Le souligné est de l’auteur. Remarquer qu’il dit qu’on a le devoir, non pas seulement le droit, de dénoncer le système et qu’il faut le changer, non pas le rapiécer. Quant aux “je suis bien... ça ne me regarde pas... je mène ma petite vie bien tranquille… ne ressemblent-ils pas un peu au pharisien et au lévite qui ont précédé le samaritain sur le chemin au bord duquel un homme gémissait, blessé par les voleurs ? Nous connaissons tous ce blessé, et la clique de voleurs est bien connue aussi des créditistes. Tout le monde voit le blessé, mais —
“On passe sur la route de Jérusalem à Jéricho les yeux levés au ciel, on pleure de pitié sur la nature blessée ; on n’ose pas poser sur sa chair malade les onguents de la justice ; on respecte tant son mal qu’on tient pour séduction de l’esprit du monde l’effort d’y remédier en tâchant de soumettre les choses terrestres et sociales à l’ordre de l’Évangile et de la raison”. (Ibid.)

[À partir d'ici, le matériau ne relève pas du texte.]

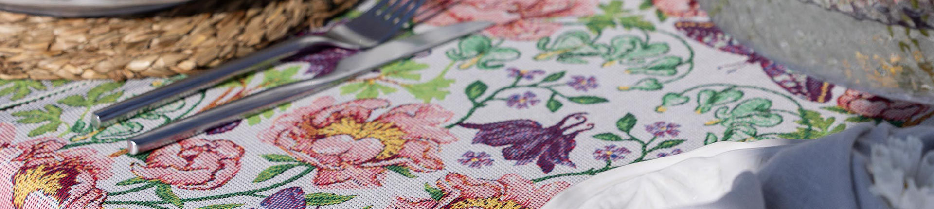 Fresh, floral, and full of charm, the Ekelund Blomkvittter hand towel features two sweet birds perched amidst an array of pink flowers on a soft yellow background, bringing a touch of springtime joy to your home.

Nous prenons, la liberté de recommander ces dernières réflexions du grand philosophe thomiste à ceux qui, après avoir taxé le Crédit Social de communisme, l’accuse de n’être que du matérialisme sordide.
En relisant cet article, qui est déjà bien long pour un sujet si sérieux, nous sentons que la thèse soutenue au début — que, pour réaliser la fin du système économique, tout le monde doit avoir le nécessaire garanti — aurait besoin d’être développée, comme aussi il faudrait montrer en quoi le Crédit Social le fait. Nous devons remettre au prochain numéro. Nous démontrerons comment le Crédit Social possède la bonne formule pour permettre à la propriété privée de remplir facilement sa fonction sociale, comment il allie merveilleusement les exigences de la loi de la propriété privée avec celles de la loi de l’usage commun ; comment, par conséquent, il s’oppose efficacement à la fois aux abus du capitalisme et au communisme. Nous insisterons sur son respect de la personne humaine et sur la forme magnifique de coopération nationale qu’il constitue.